WHO estimates that currently, more than 400 million people worldwide are suffering from some kind of mental and neurological disorder, including substance abuse disorders. Five of the ten leading causes of disability are mental problems such as depression, schizophrenia, bipolar disorders, alcohol dependence, and obsessive- compulsive disorders. Depression is ranked fourth among the 10 leading causes of the global burden of disease, and the agency predicts that by 2020, it will have jumped to second place.

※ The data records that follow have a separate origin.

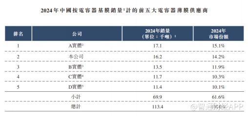 公司产品与市场地位 - 公司主要产品为电容器基膜及金属化膜,是薄膜电容器的关键组成部分,以出色的耐电压性、高频稳定性和长使用寿命著称 [4] - 产品终端应用广泛,包括新能源汽车、新能源电力系统、工业设备及家用电器 [4] - 按电容器基膜收入计,公司于2024年在中国市场份额为10.9% [4] - 公司是唯一一家拥有电容器基膜生产线自主设计及开发能力的公司,截至2025年8月21日,公司现有的五条生产线皆由公司自主设计、开发及组装 [4] 行业市场规模与增长 - 以销量计,中国电容器基膜市场规模从2019年的46,200吨增长至2024年的113,400吨,期间年复合增长率为19.7% [4] - 预计中国电容器基膜市场规模到2029年将达到224,100吨,2025年至2029年的年复合增长率为14.1% [4] - 电容器基膜的市场规模被广泛用于代表电容器薄膜产品的市场规模,因为电容器薄膜制造商的大部分产品以电容器基膜交付 [4] 公司核心技术优势 - 公司自主设计和开发的电容器基膜生产线交付期约八个月,显著低于行业内平均三至五年的进口生产线交付期 [5] - 公司新建的电容器基膜生产线投资成本预计约为人民币1.2亿元,远低于中国的行业平均水平 [5] - 通过灵活调整生产线参数,公司可提供多种规格的电容器薄膜产品,产品厚度范围覆盖2.7微米至13.8微米,覆盖多个终端应用场景 [5] 公司财务表现 - 2022年度、2023年度、2024年度及2025年前五个月,公司收入分别约为人民币3.27亿元、3.30亿元、4.22亿元、1.57亿元 [5][7] - 同期,公司年内利润及全面收益总额分别约为人民币1.02亿元、6982.6万元、8641.8万元、3135.9万元 [5][7] - 2022年至2024年,公司毛利率分别为44.9%、31.2%、29.7%,2025年前五个月毛利率为35.5% [7] - 公司研发开支占收入比例从2022年的3.4%提升至2025年前五个月的4.6% [7]
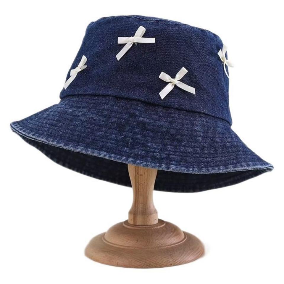 Nouveau Chapeau Bob en Jean Brodé 3D Nœud Papillon Style Coréen INS pour Femme – Protection Solaire Printemps-Été, Doux et Tendance
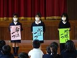 徒然草を暗唱して、みんなの前で発表しています。みんなよく覚えていますね。
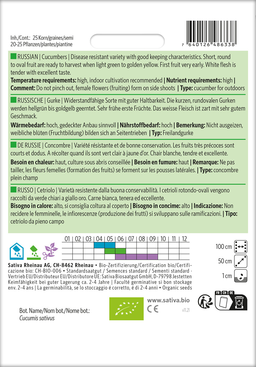 Lækker agurk. Kort, rund til oval frugt er klar til høst, når den er lysegrøn til gylden gul. Lækker mild smag.
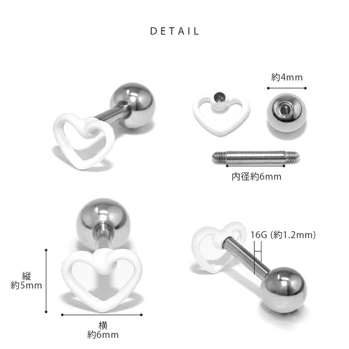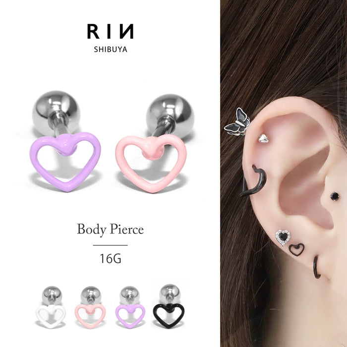 16g ハートフレーム ボディピアス ホワイト ベビーピンク ラベンダー ブラック ストレートバーベル 軟骨1443 d-045

Dr. Brundtland held out hope in the face of these grim statistics, noting that there are now cost-effective interventions to treat the majority of mental and neurological disorders. "Yet, there is a great gap between the number of people who suffer from these diseases and the number who receive treatment and care," she said. In many countries, insurance companies discriminate between physical and mental disorders. Labour policies are less open to welcoming people with a history of mental disorders than those with physical ones.

In response, the WHO Director-General called for constant efforts to counter the negative stereotypes and misconceptions surrounding mental disorders and legislation to reduce discrimination in the workplace and in access to basic services.